The contrast between "Marxist nightmare" for Democratic victims and "cowardly act of violence" for a conservative one became a major talking point. It highlighted just how deep the partisan rot goes. If we can't even agree that a shooting is a tragedy without checking the victim's voter registration first, where are we actually going?

Breaking Down the Aftermath

The legal case against Boelter is still moving through the courts, but the political case against Lee’s social media habits is basically settled in the court of public opinion. He hasn't apologized. He just moved on to the next topic.

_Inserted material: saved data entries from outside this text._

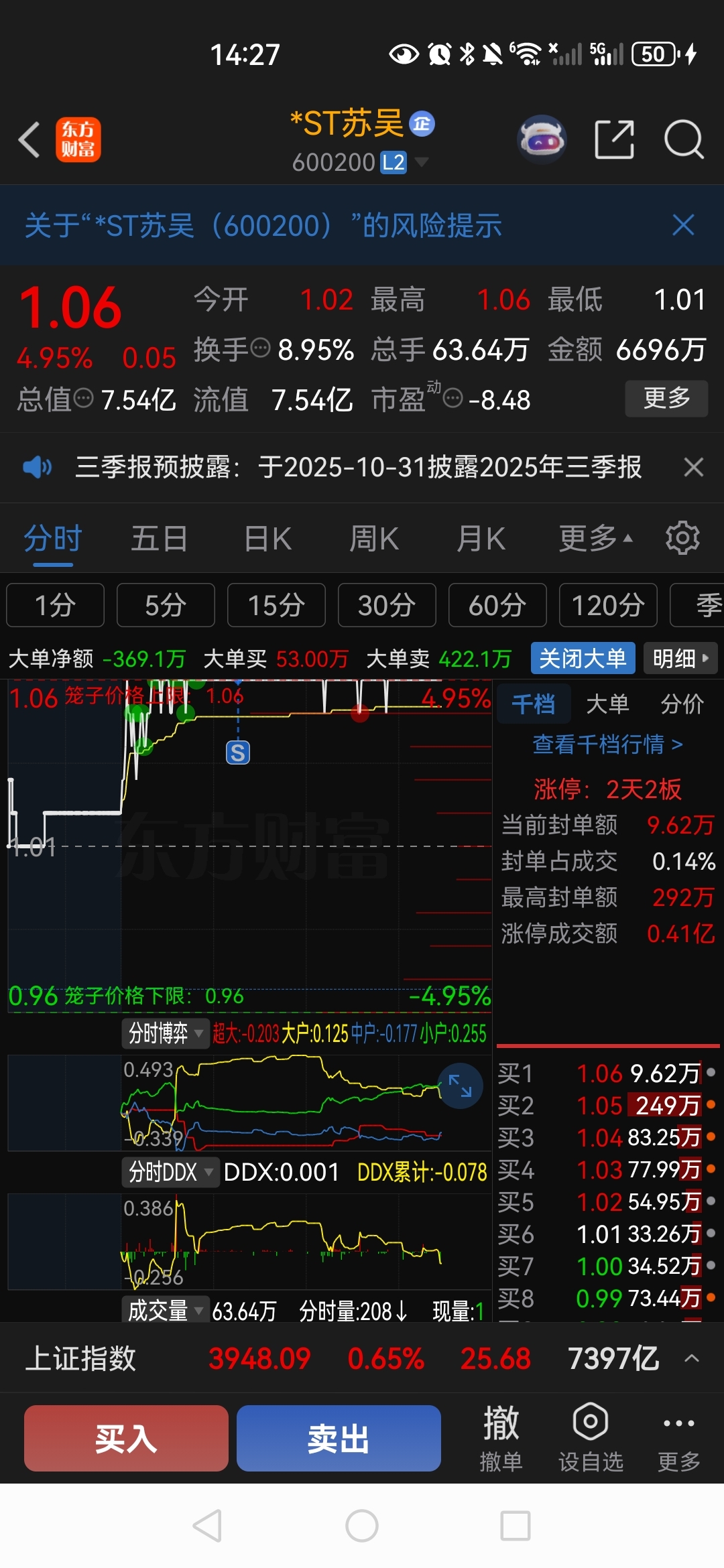 $*ST苏吴(SH600200)$ 走了盈利九个点,随时可能会退掉,先走为上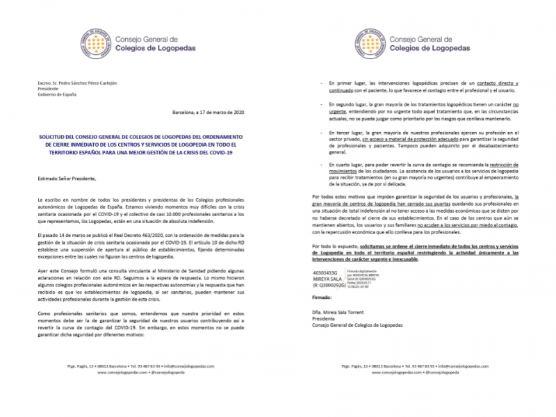 Por todo lo expuesto, el Consejo ha solicitado que se ordene el cierre inmediato de todos los centros y servicios de Logopedia en todo el territorio español restringiendo la actividad únicamente a las intervenciones de carácter urgente e inexcusable.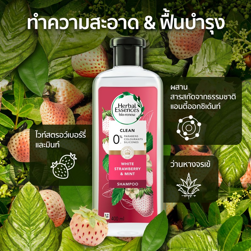 [ใหม่] Herbal Essences เฮอร์บัล เอสเซ้นส์ คลีน ไวท์ สตรอเบอรี่ & สวีทมินท์ 400 มล. White Strawberry & Sweet Mint 400 ml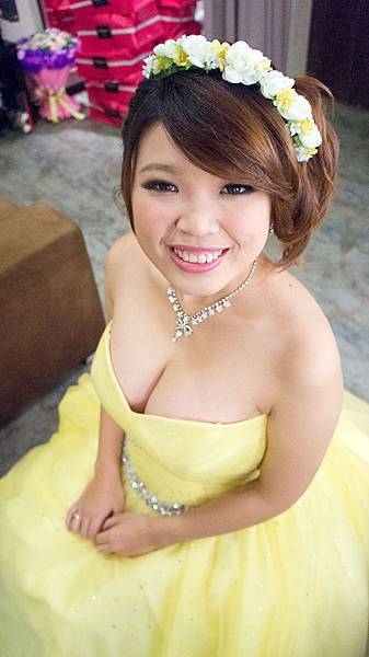 而二次進場的敬酒禮服,是Fina建議君挑選的嫩黃色蓬裙,很像君給我的感覺~
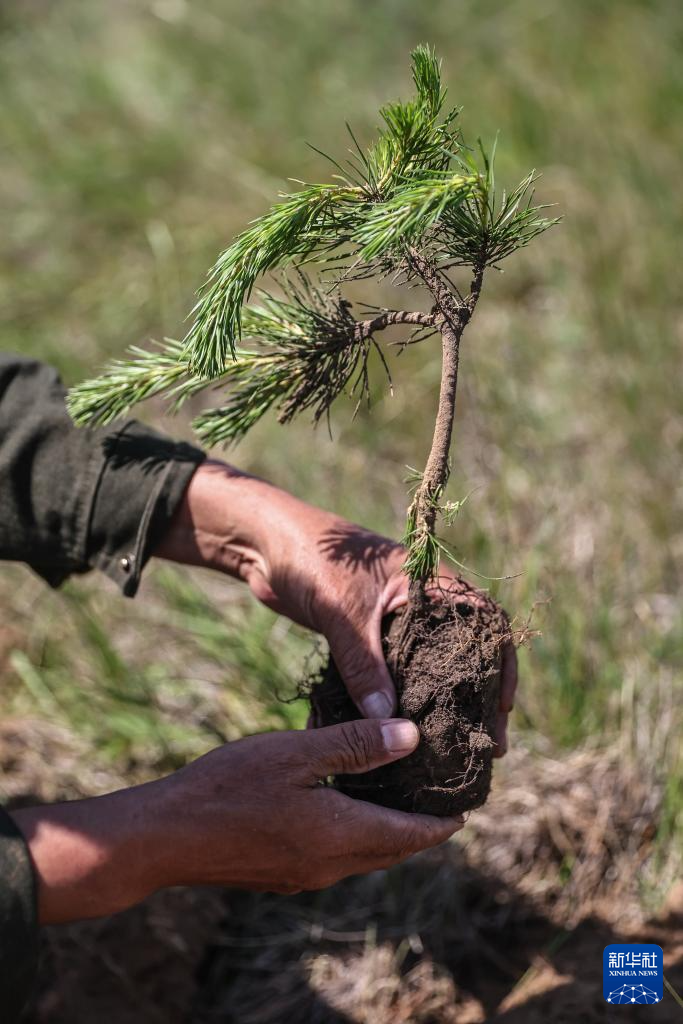 6月4日,李东魁在阜新市彰武县章古台镇章古台林场补种树苗。
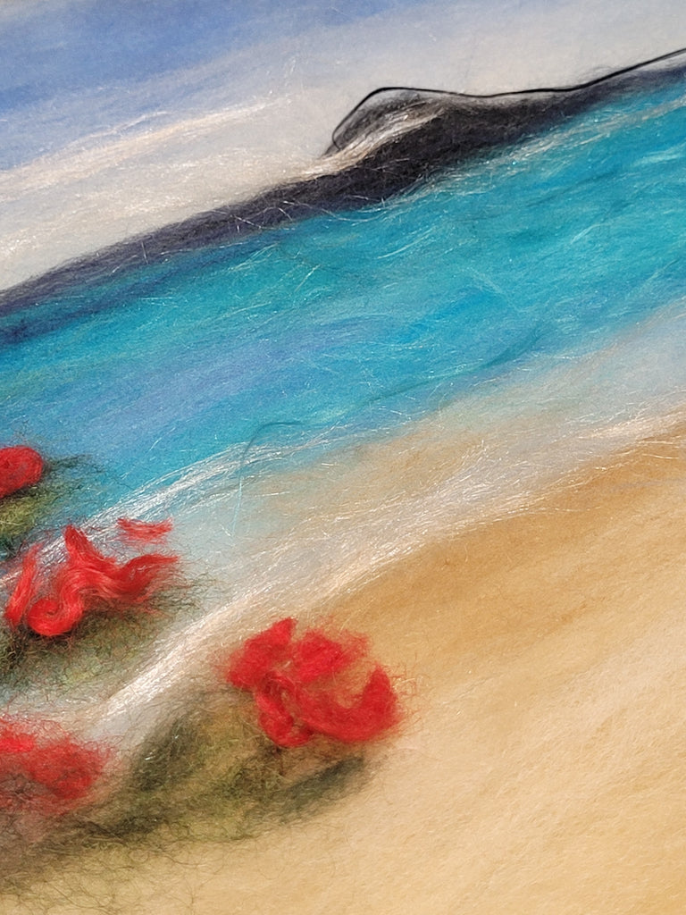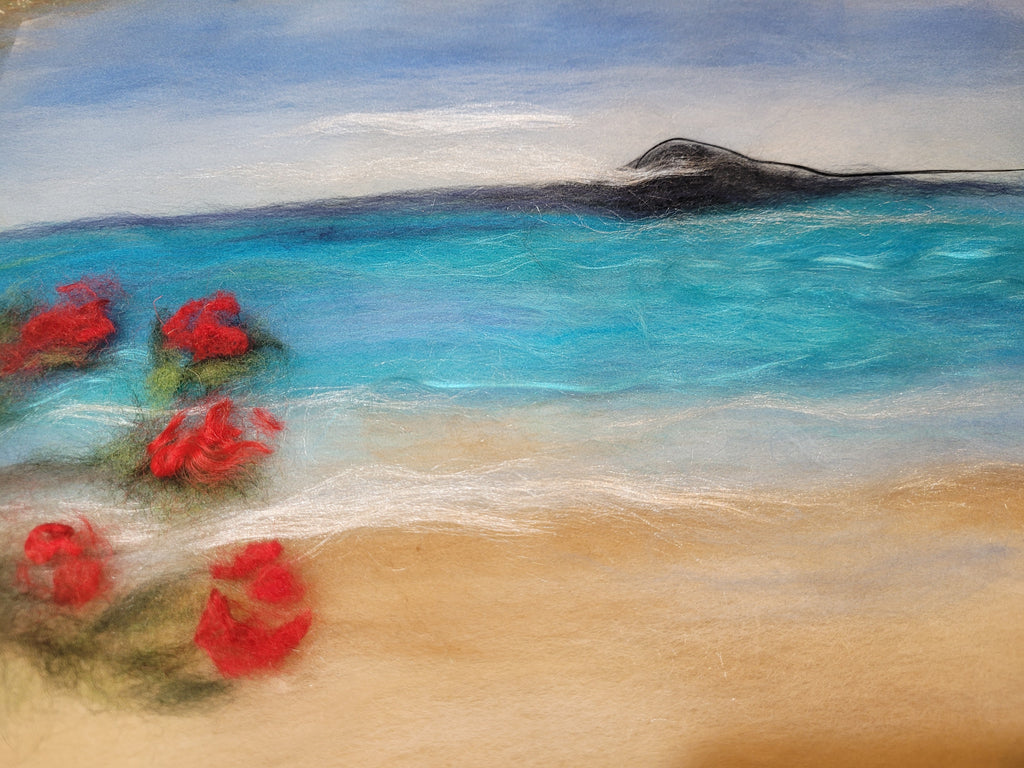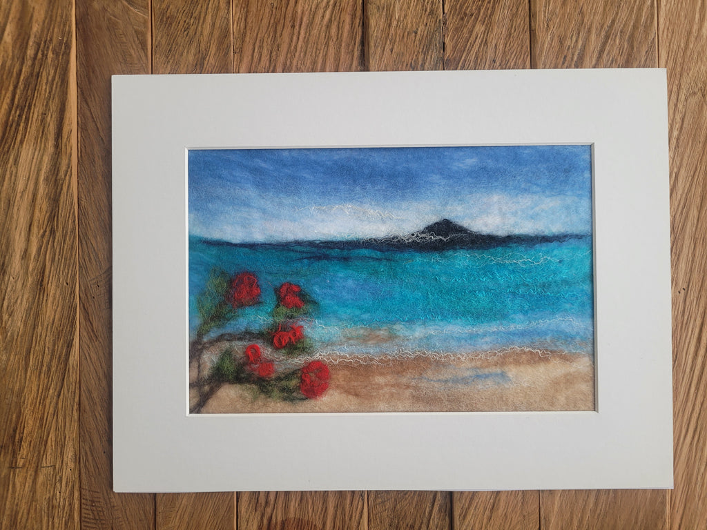 A dreamy summer moment from Auckland’s North Shore — turquoise waves, warm sand, Rangitoto resting on the horizon… and the vibrant red bloom of the pōhutukawa, New Zealand’s beloved “Christmas tree.” I handcrafted this piece using soft merino wool and shimmering mulberry silk to capture the magic of a Kiwi summer day.
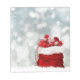 Das Design zeigt ein Foto eines Sackes voller verpackter Geschenke vor einem blauen Hintergrund.
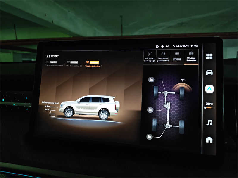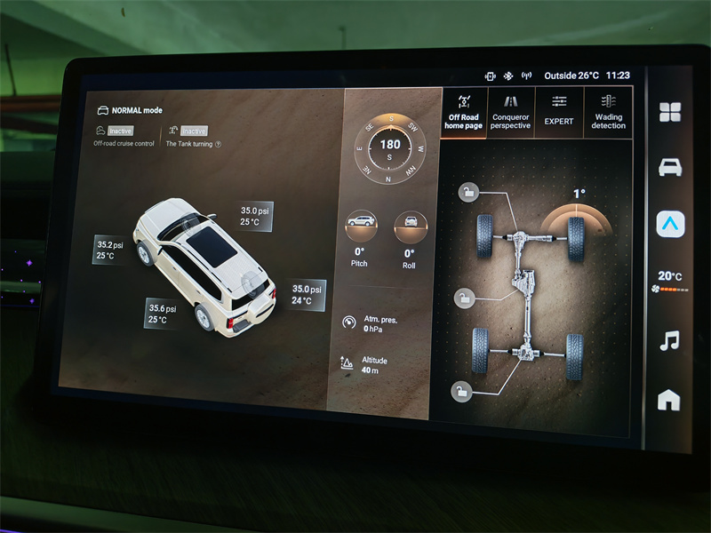 Tank 500 HEV 的越野电子功能也非常实用,车上的**多地形模式(包括泥地、沙地、岩石等)**让驾驶者在进入不同路面前不必擅自猜测参数,系统会自动匹配节奏、牵引力控制以及换挡逻辑。在泥地时允许适当打滑以便轮胎清理泥土;在沙地时优化扭矩输出避免深陷;在岩石模式下则偏向开低速档、频繁用发动机扭矩配合差速锁,配合低速四驱让车辆缓慢爬行。这样的电子“预设”对于非专业越野手来说非常友好,它等于把一部分越野经验以软件形式封装,让普通车主也能完成不那么极限但需要技巧的路线。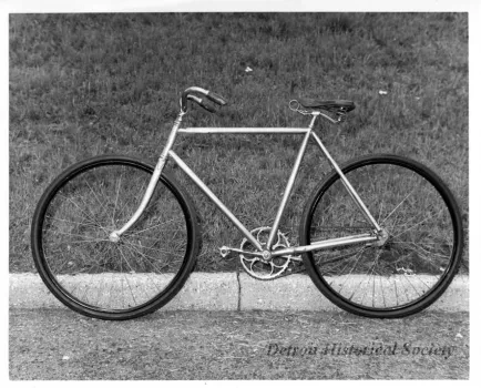 Photograph (and 3 copies). Black and white photo showing a side view of a man's bicycle that is leaning against a concrete curb. The bicycle is in fairly good condition and was made by the E & D (Evans & Dodge) Company. It is silver-colored, has a leather seat, new tires, and no fenders. The background area of the photo is a grass lawn. An ink stamp on the verso shows " City of Detroit Photo, Dept. Report & Information, 1008 City county Building, Detroit, Michigan 48226."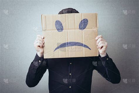 拿着纸板的人,脸上带着忧郁的笑容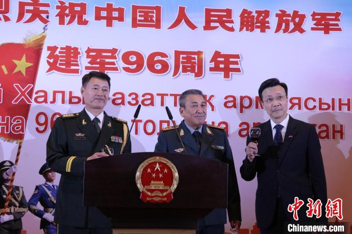 當(dāng)?shù)貢r間7月28日晚,哈薩克斯坦阿斯塔納,中國駐哈薩克斯坦大使館隆重舉行慶祝中國人民解放軍建軍96周年招待會。圖中從左至右依次為:國防武官胡德君大校、哈國防部副部長卡馬列特季諾夫中將、駐哈大使張霄。 中新網(wǎng)記者 張碩 攝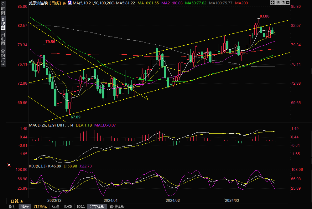 布伦特原油期货收跌0.50美元,报每桶86.25美元;美国原油期货收跌0.86%,报81.26美元。交投更活跃的布伦特6月原油期货下跌0.9%,报85.27美元。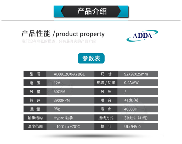 ADDA AD0912UX-A7BGL 12V 0.3A 9CM 2線風機

Here is what we know for sure about the Mike Lee Utah on Minnesota shooter situation:

  • The claims were baseless: There was no evidence Boelter was a Marxist or a leftist.
  • The timing was brutal: The posts went up while the victims' families were still in shock and the shooter was at large.
  • The pressure worked: It took direct, face-to-face confrontation from colleagues to get the posts taken down.
  • The "Based" brand continues: Despite the Minnesota incident, Lee hasn't slowed down his online persona.

Actionable Steps for Navigating Political News

It's easy to get sucked into the rage-bait. When a high-profile figure like a Senator posts something shocking during a tragedy, your brain wants to react immediately. Here is how to handle it next time:

  1. Wait 24 Hours: In almost every mass shooting or political tragedy, the "first news" is wrong. Whether it's the shooter's identity, their motive, or the weapon used, the initial 12-24 hours are a fog of war.
  2. Check the "Other" Account: If a politician has a personal and an official account, compare them. The gap between the two usually tells you exactly what kind of game they are playing.
  3. Look for Primary Sources: Instead of trusting a tweet about a "Marxist" or "Fascist" motive, wait for the police press conference or the unsealed indictment. Those documents don't care about "likes" or "retweets."
  4. Demand Nuance: If a story feels too "perfect" for one political side’s narrative, it’s probably being spun. Real life is usually messier and less convenient than a political meme.

The Minnesota shootings were a horrific act of violence that shattered families. Using that moment for "sick burns" on social media might win a few followers, but as his colleagues reminded him, it comes at a massive cost to the dignity of the office.

Understand the difference between a representative and an influencer. When those lines blur, the truth is usually the first thing to go.


Next Steps: You can look up the official court filings for the Vance Boelter case to see the full list of evidence collected from his residence, which provides a much clearer picture of his actual motivations than any social media post.